TASK INSTRUCTIONS
The answer should be the exact lines from the line containing "Captivating portrait art" through the last line of the material below, with no pictures.

++++ EXERCISE INPUT

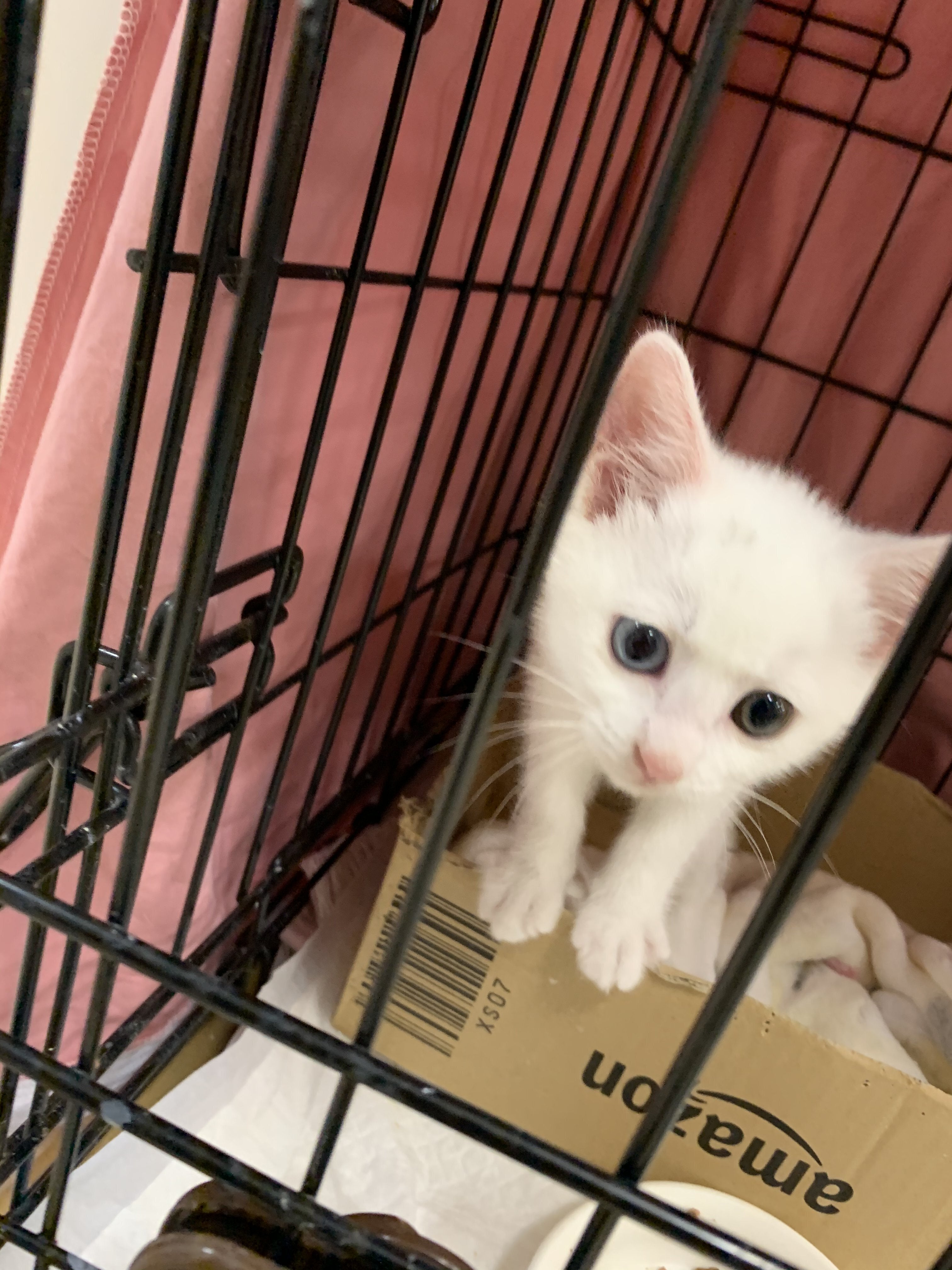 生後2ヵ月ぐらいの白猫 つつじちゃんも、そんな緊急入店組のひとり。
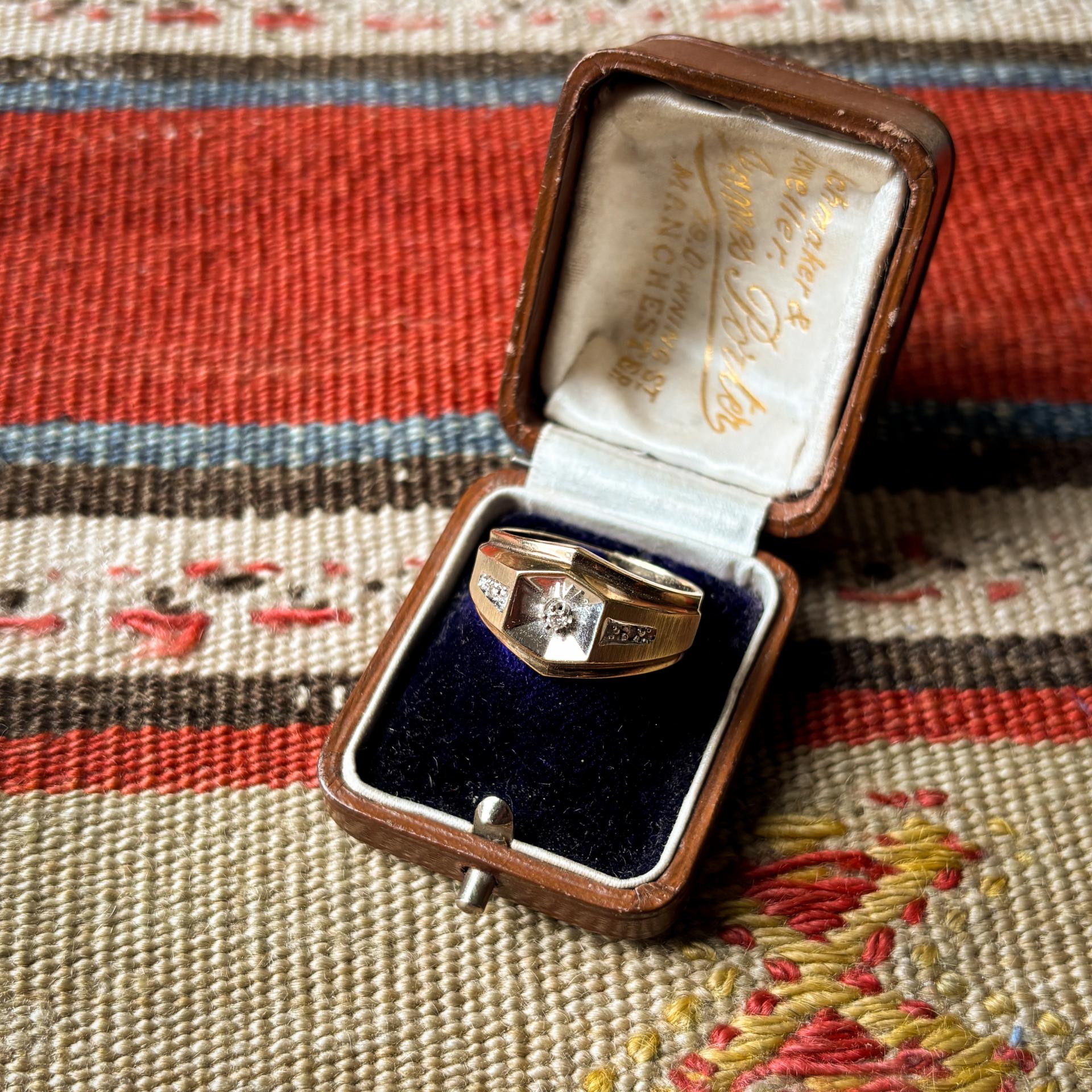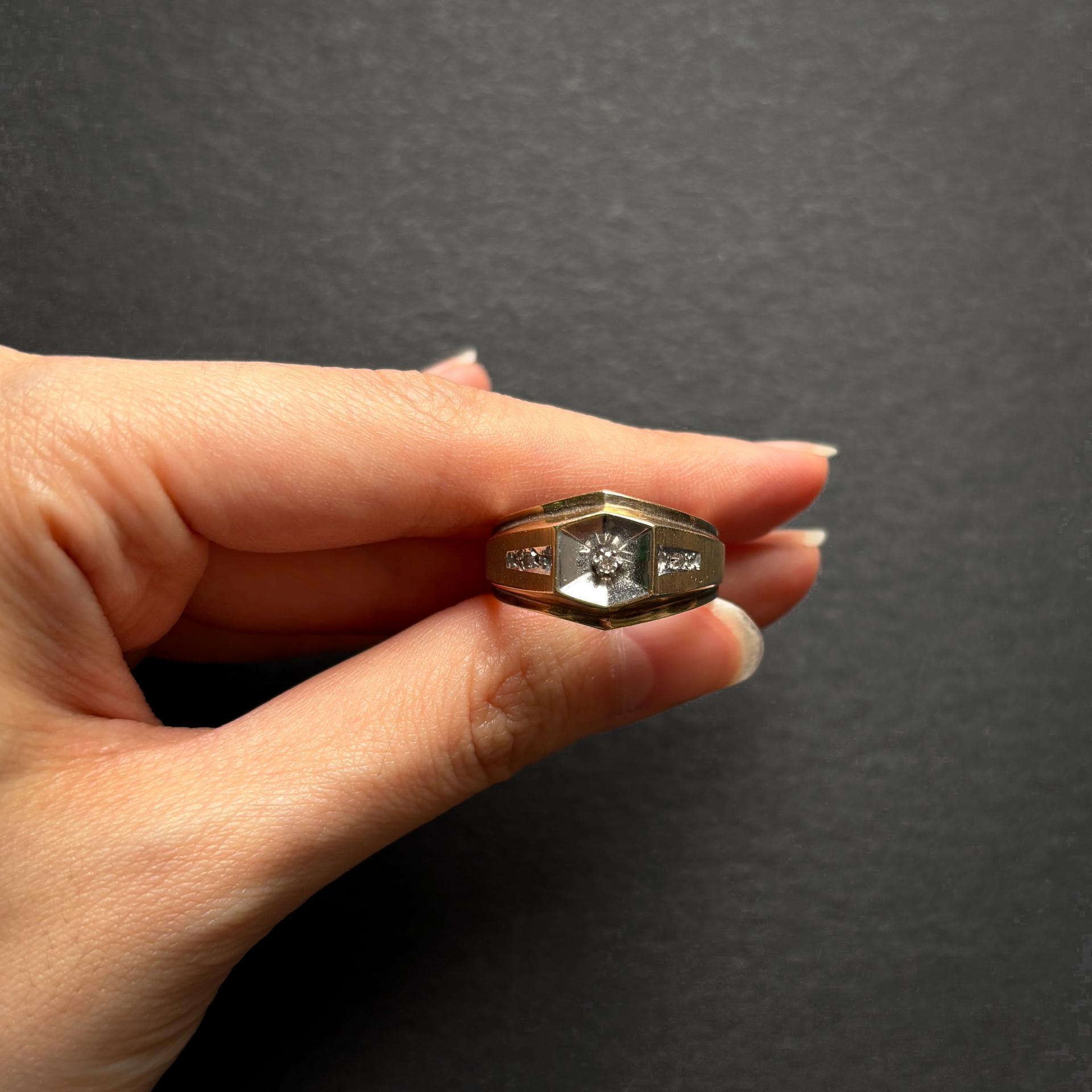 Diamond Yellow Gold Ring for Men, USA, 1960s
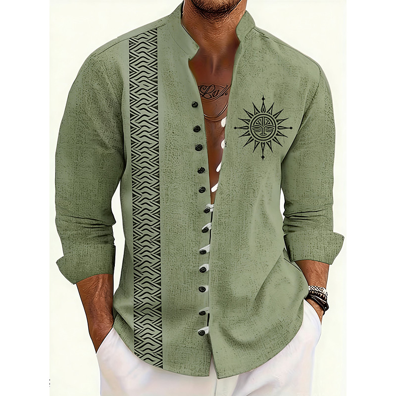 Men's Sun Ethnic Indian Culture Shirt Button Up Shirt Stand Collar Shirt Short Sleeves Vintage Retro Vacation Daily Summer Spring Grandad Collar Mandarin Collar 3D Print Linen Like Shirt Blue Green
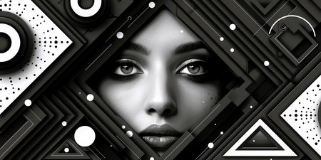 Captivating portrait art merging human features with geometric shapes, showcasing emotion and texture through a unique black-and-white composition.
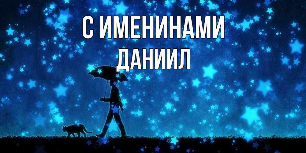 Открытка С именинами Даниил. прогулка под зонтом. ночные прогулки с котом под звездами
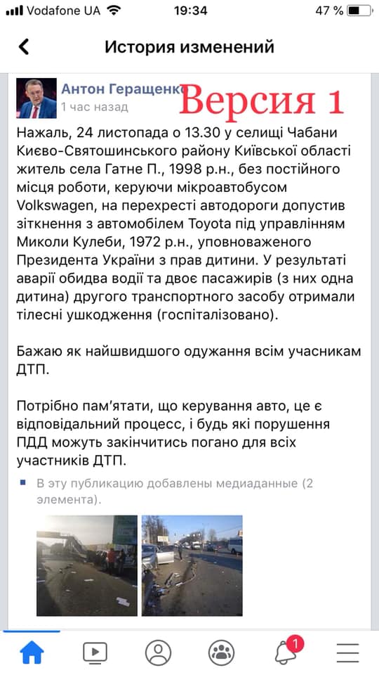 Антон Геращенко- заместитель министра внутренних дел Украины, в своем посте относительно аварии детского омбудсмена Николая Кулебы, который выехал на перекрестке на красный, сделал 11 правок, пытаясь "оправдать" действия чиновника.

++++++++

SOLUTION TO THE EXERCISE
 Captivating portrait art merging human features with geometric shapes, showcasing emotion and texture through a unique black-and-white composition.
 Открытка С именинами Даниил. прогулка под зонтом. ночные прогулки с котом под звездами
 Антон Геращенко- заместитель министра внутренних дел Украины, в своем посте относительно аварии детского омбудсмена Николая Кулебы, который выехал на перекрестке на красный, сделал 11 правок, пытаясь "оправдать" действия чиновника.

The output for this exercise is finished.